Input data:
======

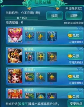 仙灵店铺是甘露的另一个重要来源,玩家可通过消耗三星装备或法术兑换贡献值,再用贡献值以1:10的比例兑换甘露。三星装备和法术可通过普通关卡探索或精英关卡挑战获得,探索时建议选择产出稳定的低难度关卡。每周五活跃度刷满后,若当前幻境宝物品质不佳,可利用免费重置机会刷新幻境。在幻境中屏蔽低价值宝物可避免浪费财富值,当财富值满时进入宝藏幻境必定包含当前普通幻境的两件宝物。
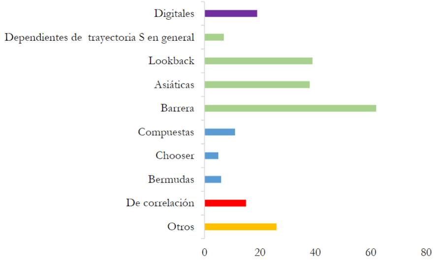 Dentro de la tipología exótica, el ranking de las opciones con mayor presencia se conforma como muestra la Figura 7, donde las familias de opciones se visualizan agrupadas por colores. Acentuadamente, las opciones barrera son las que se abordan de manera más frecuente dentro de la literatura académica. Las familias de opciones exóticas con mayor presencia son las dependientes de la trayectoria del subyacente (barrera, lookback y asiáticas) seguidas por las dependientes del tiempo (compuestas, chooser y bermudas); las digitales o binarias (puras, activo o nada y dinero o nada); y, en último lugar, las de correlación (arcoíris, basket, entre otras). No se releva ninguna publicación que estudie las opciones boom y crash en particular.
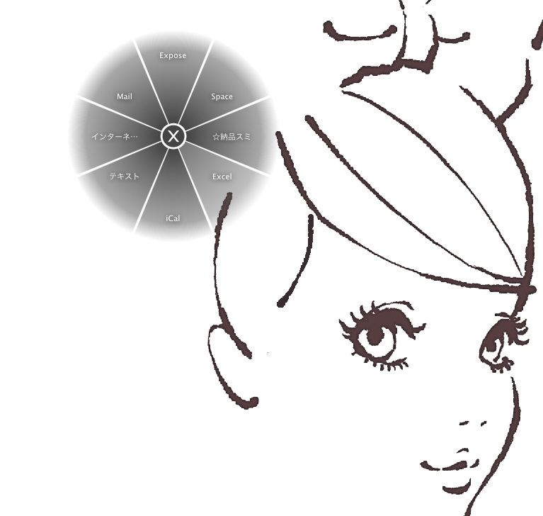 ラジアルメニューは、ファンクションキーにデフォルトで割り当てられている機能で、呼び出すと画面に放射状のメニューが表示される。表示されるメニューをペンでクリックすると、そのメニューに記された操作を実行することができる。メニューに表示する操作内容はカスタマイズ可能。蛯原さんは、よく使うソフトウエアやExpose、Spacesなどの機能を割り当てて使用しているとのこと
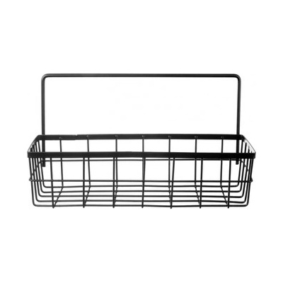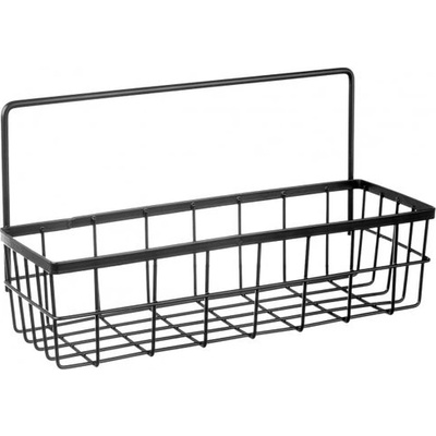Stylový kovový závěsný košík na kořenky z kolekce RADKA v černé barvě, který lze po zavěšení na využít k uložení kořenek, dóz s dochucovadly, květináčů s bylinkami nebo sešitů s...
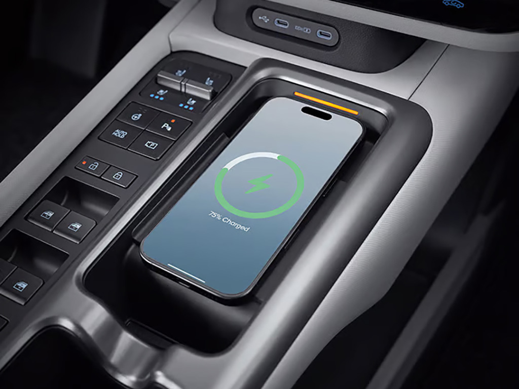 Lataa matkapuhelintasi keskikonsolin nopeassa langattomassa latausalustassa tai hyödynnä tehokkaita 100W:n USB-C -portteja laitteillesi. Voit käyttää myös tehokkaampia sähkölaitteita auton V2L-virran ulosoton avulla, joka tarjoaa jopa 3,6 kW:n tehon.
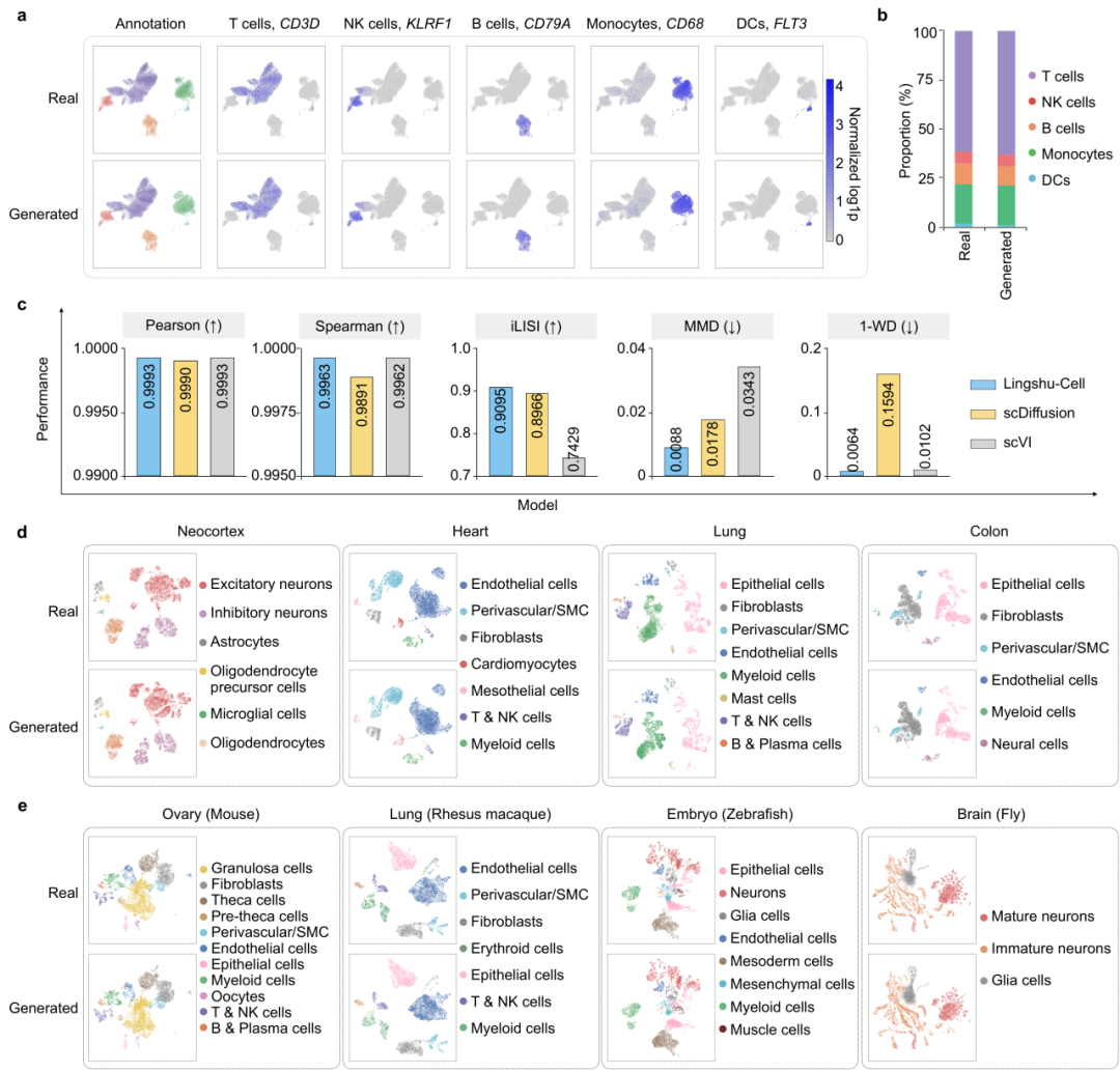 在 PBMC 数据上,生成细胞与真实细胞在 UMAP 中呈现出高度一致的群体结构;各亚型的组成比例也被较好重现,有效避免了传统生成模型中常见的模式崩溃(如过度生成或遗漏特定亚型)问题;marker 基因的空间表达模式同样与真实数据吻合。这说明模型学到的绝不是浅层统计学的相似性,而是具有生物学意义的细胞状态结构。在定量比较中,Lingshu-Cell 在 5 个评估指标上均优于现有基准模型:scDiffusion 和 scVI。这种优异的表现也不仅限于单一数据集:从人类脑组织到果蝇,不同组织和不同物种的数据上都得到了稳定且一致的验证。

======

Work required: Please restate the lines above exactly, starting at the first line of the data and stopping at the line containing "Stylový kovový závěsný", which is included. Omit pictures.

Answer:
 仙灵店铺是甘露的另一个重要来源,玩家可通过消耗三星装备或法术兑换贡献值,再用贡献值以1:10的比例兑换甘露。三星装备和法术可通过普通关卡探索或精英关卡挑战获得,探索时建议选择产出稳定的低难度关卡。每周五活跃度刷满后,若当前幻境宝物品质不佳,可利用免费重置机会刷新幻境。在幻境中屏蔽低价值宝物可避免浪费财富值,当财富值满时进入宝藏幻境必定包含当前普通幻境的两件宝物。
 Dentro de la tipología exótica, el ranking de las opciones con mayor presencia se conforma como muestra la Figura 7, donde las familias de opciones se visualizan agrupadas por colores. Acentuadamente, las opciones barrera son las que se abordan de manera más frecuente dentro de la literatura académica. Las familias de opciones exóticas con mayor presencia son las dependientes de la trayectoria del subyacente (barrera, lookback y asiáticas) seguidas por las dependientes del tiempo (compuestas, chooser y bermudas); las digitales o binarias (puras, activo o nada y dinero o nada); y, en último lugar, las de correlación (arcoíris, basket, entre otras). No se releva ninguna publicación que estudie las opciones boom y crash en particular.
 ラジアルメニューは、ファンクションキーにデフォルトで割り当てられている機能で、呼び出すと画面に放射状のメニューが表示される。表示されるメニューをペンでクリックすると、そのメニューに記された操作を実行することができる。メニューに表示する操作内容はカスタマイズ可能。蛯原さんは、よく使うソフトウエアやExpose、Spacesなどの機能を割り当てて使用しているとのこと
Stylový kovový závěsný košík na kořenky z kolekce RADKA v černé barvě, který lze po zavěšení na využít k uložení kořenek, dóz s dochucovadly, květináčů s bylinkami nebo sešitů s...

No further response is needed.